Isozimova et al. (2023) (12) aimed to validate the use of NAD(P)H autofluorescence lifetime of T cells within lymph nodes as a predictive biomarker for response to anti-CTLA-4 immunotherapy. The research focused on assessing metabolic changes in immune cells as indicators of treatment efficacy. The study utilized C57Bl/6 FoxP3-EGFP transgenic mice with B16F0 melanoma implanted near the inguinal lymph node. Mice were treated with anti-CTLA-4 antibodies. Lymph nodes were harvested 1–2 days post-treatment and analyzed with a FLIM-equipped microscope. Decay curves were fitted into a model to determine NAD(P)H lifetime components. Flow cytometry assessed activation markers (CD25, CD69) and cytokine production (IFN-γ) in CD4+ and CD8+ T cells. Anti-CTLA-4 treatment led to a trend towards reduced tumor growth compared to controls, with significant differences observed on day 11. However, variability in tumor response was noted, with some mice showing pronounced growth inhibition and others minimal response. FLIM data revealed that responder mice exhibited a higher proportion of the free NADH form associated with glycolysis than non-responders. This shift suggests enhanced metabolic activity in activated T cells. The average NAD(P)H lifetime did not differ significantly between groups. Responder mice showed increased expression of activation markers CD25 and CD69, and higher IFN-γ production in both CD4+ and CD8+ T cells, indicating effective immune activation. Non-responders did not exhibit these changes, aligning with FLIM findings. One key limitation of this study is that it did not explore the long-term effects of immunotherapy or the correlation between early metabolic changes and long-term treatment outcomes. Furthermore, the cohort of mice was limited in size, requiring further studies for human applicability.
4 Discussion
4.1 IHC as the gold standard
Currently, the standardized FDA-approved method in almost all Pathology Departments all over the globe to quantify IC expression (i.e., PD-L1) is immunohistochemistry, through approved kits with specific antibodies (i.e., 28-8, 22C3, SP263, and SP142) (14). Based on immunohistochemical analysis, compared to non-expressing subjects, patients with immune checkpoint overexpression present with a stronger antitumor activity and are more likely to benefit from ICI (13, 15, 16). However, although it is an “easy-to-use”, fast, and inexpensive method, as for other immunohistochemical evaluations, it can only provide a momentary picture of the microenvironmental status in a confined region of ex vivo specimen; furthermore, protein expression could be influenced by the concentration of fixative used or other variables related to instruments used, or the inter-observer variability on data interpretation (17, 18).
4.2 FLIM
FLIM has evolved exponentially from 1988, when it was first introduced, until today; merging theoretical techniques with biomedical research. Nowadays, it can be used in combination with other imaging technologies to gather further information about the cellular microenvironment.

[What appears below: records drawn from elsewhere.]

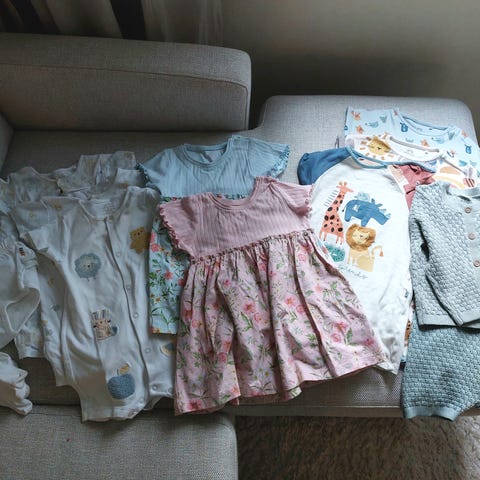 Verkkahousut x2, trikoohousut x2, pitkähihainen paita x3, trikoomekko x3, lyhythihainen yöhaalari x2, neule, fleecetakki, balettiasu, sukat.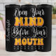 This image features an impactful phrase, "Open Your Mind Before Your Mouth," rendered in a stylish font against a light grey background. The words "MIND" and "MOUTH" are highlighted in a prominent orange with a white border, while "Open Your" and "Before Your" appear in a delicate white script. Small diamond shapes form a border at the bottom, adding a subtle decorative touch.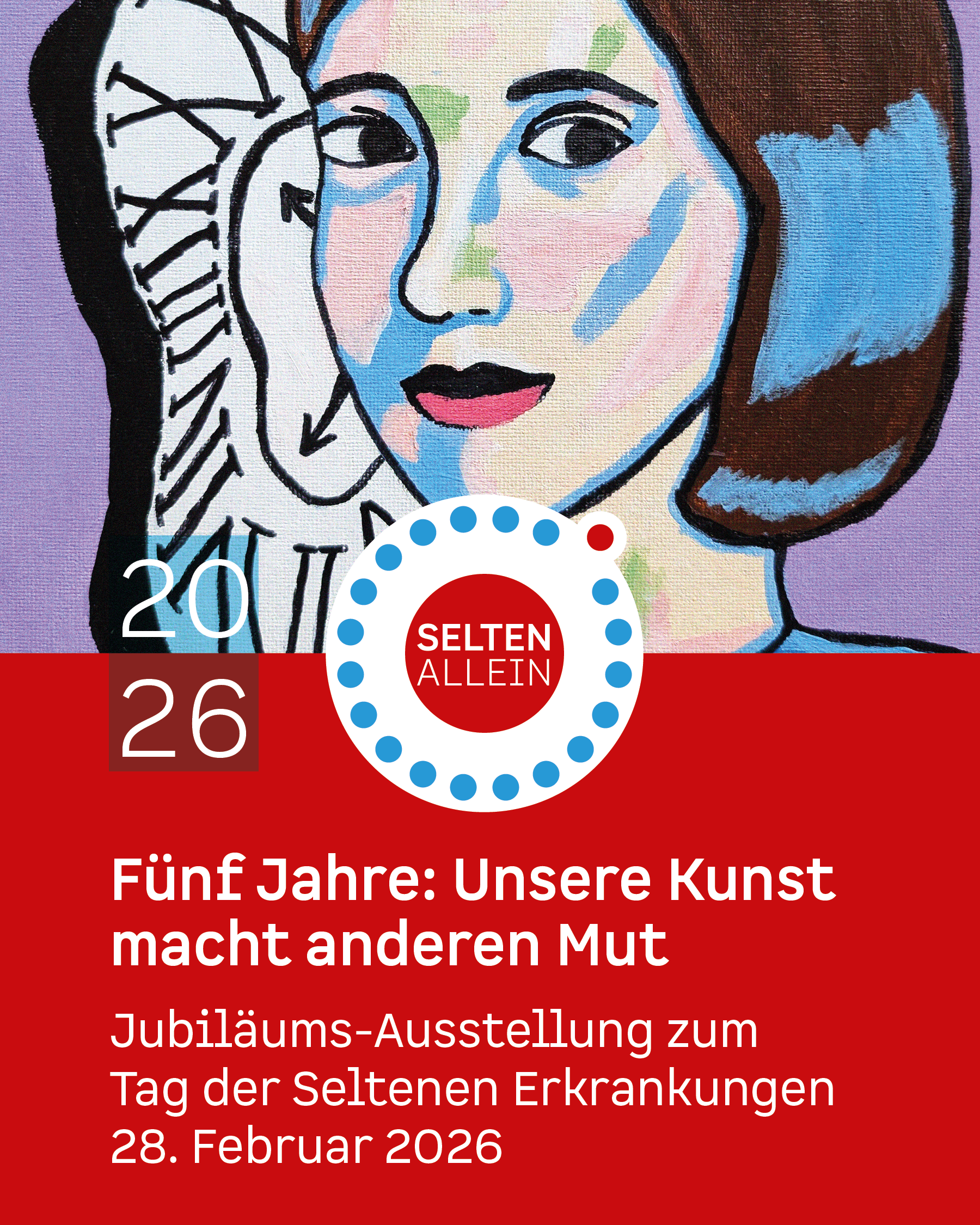 2026 feiert die Ausstellung „Selten allein“ ihr fünfjähriges Jubiläum. Unter dem Motto „Mach mit deiner Kunst anderen Mut“ fertigen seit 2022 Menschen, die von einer Seltenen Erkrankung betroffen sind, Selbstportraits an. Die Online-Galerie auf www.seltenallein.de ist seitdem auf über 100 Bilder angewachsen und die Ausstellung gern gesehener Gast auf Einkaufsbahnhöfen, in Kliniken und anderen öffentlichen Orten bundesweit.

Recently, FLIM has gained technological advancements resulting in an improvement in the precision of analysis, as well as a broadening of this technology’s applications. These advancements have allowed it to match the precision of IHC for the analysis of ICI therapy at a microenvironmental level (8–13). However, it is unclear how responders can be differentiated from non-responders. Traditionally, IHC has been used to quantify the expression of receptors, but the expression alone does not greatly correlate to efficacy. On the contrary, functional engagement measured with FLIM between drug and receptor is a promising predictor for the success of the therapy by measuring it independently from their concentration. The clinical application would mean the inclusion of low-expressing patients who would normally be excluded from the therapy or the exclusion of non-responding high-presenting patients who would needlessly suffer the side effects.
4.3 FLIM’s advantages & limitations
FLIM and FRET are reliable imaging techniques that could overcome some of the limitations of IHC. Table 3 shows a direct comparison between the technical and practical capabilities of IHC and FLIM. While IHC is the gold standard for predicting the body’s response to various ICIs, its limitations have become increasingly evident (2). Despite the scarce research on this topic, the usage of FLIM and FRET to test ICI efficacy have shown promising results by providing real-time, non-invasive insights into molecular interactions such as PD-1/PD-L1 engagement, surpassing the static and limited biopsy samples used in IHC. FLIM detected treatment-induced changes in tumors in vivo just 2 days post-treatment, which is earlier than detectable changes in tumor volume (31). Furthermore, FLIM-FRET allows for the visualization of checkpoint interactions at a microscopic level, providing crucial information about the functional state of these molecules as shown by iFRET which detected significant interaction states in patients who were PD-L1 negative according to IHC (8). FLIM can help detect cells’ in vivo metabolism with no phototoxicity and in real-time. FLIM’s capability to quantify functional interactions offers a more comprehensive approach, potentially improving the stratification of patients for immunotherapy and reducing the ambiguity associated with IHC-based assays. It is important to underline that FLIM finds its greatest potential in vivo and relies on the fact that its results, unlike traditional fluorescence microscopies, are not dependent on the change in fluorescence intensity but on the lifetime. FLIM, with or without FRET, still suffers from major drawbacks that vary depending on its specific application. The use of FLIM technology in the analysis of ex vivo samples proves it is non-superior to more widespread methods since metabolic microenvironment characteristics are lost in the transition from the in vivo to the ex vivo, limiting its ability to provide accurate insights into molecular interactions.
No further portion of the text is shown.